Acer Therapeutics Inc. announced that topline results from its Phase 2a proof of concept clinical trial to evaluate ACER-801 (osanetant) as a potential treatment for moderate to severe Vasomotor Symptoms (VMS) associated with menopause showed that ACER-801 was safe and well-tolerated but did not achieve statistical significance when evaluating ACER-801's ability to decrease the frequency or severity of hot flashes in postmenopausal women. As a result, Acer is pausing the ACER-801 program until Acer has conducted a thorough review of the full data set.
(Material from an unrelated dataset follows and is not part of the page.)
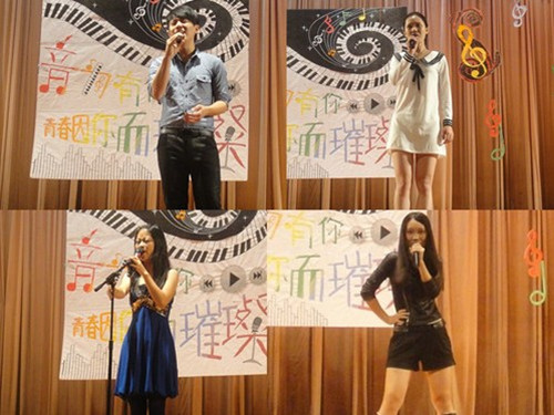 10组选手经过初赛的激烈角逐,实力相当强劲。舞台上选手们个个个性十足,曲风独特,歌声时而悠远轻灵,时而激昂高亢,呈现了一场完美的音乐盛宴。1号选手张晓玲顶住首个出场的压力惊艳亮相,充分展现了她的个性与活力;3号选手戴安妮和9号选手钟迪的深情演唱感染了在场的所有老师和同学们,现场爆发阵阵欢呼掌声和激情的尖叫;7号选手陈依榕则以甜美动听的歌声打动了全场观众赢得了最佳人气奖;其他选手的深情演唱也同样使学活现场气氛不断升温,场面活跃非凡。

Concurrently, Acer is continuing to focus on preparation for its commercial launch of OLPRUVA™ (sodium phenylbutyrate) for oral suspension for the treatment of urea cycle disorders (UCDs) involving deficiencies of carbamylphosphate synthetase (CPS), ornithine transcarbamylase (OTC), or argininosuccinic acid synthetase (AS), and the ongoing pivotal Phase 3 clinical evaluation of EDSIVO™ (celiprolol) for vascular Ehlers-Danlos Syndrome (vEDS) in patients with a confirmed type III collagen (COL3A1) mutation, subject in each instance to availability of additional capital beyond early in Second Quarter 2023.
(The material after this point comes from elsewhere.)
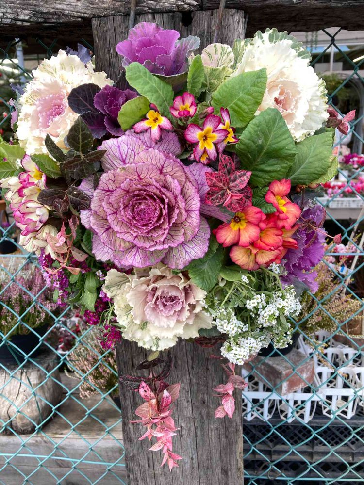 投稿したら数分後に、今日のお花になった葉牡丹‼️ 削除して再投稿してみますが、上手く今日のお花に入れて貰えるかしら?池田グリーンセンターさんには勝手に申し訳ありませんが、宣伝させてくださいませーとっても素敵な寄せ植えだらけで、いくら写真を撮って来ても、真似は出来ません😁

ACER-801 (osanetant) is an investigational non-hormonal, neurokinin 3 receptor (NK3R) antagonist being studied for the potential treatment of patients with Vasomotor Symptoms (VMS), prostate cancer and post-traumatic stress disorder (PTSD). In December 2018, Acer entered into an exclusive license agreement with Sanofi to acquire worldwide rights to ACER-801 (osanetant). In the Phase 2a study, forty-nine postmenopausal women aged 40-65 who experienced moderate to severe hot flashes were randomized 1:1:1:1 and received either twice daily 50 mg, 100 mg, 200 mg of ACER-801 or placebo over a 14-day treatment period, followed by a 14-day safety follow-up assessment.

Primary endpoints were safety and pharmacokinetics, with efficacy compared to placebo as a secondary endpoint.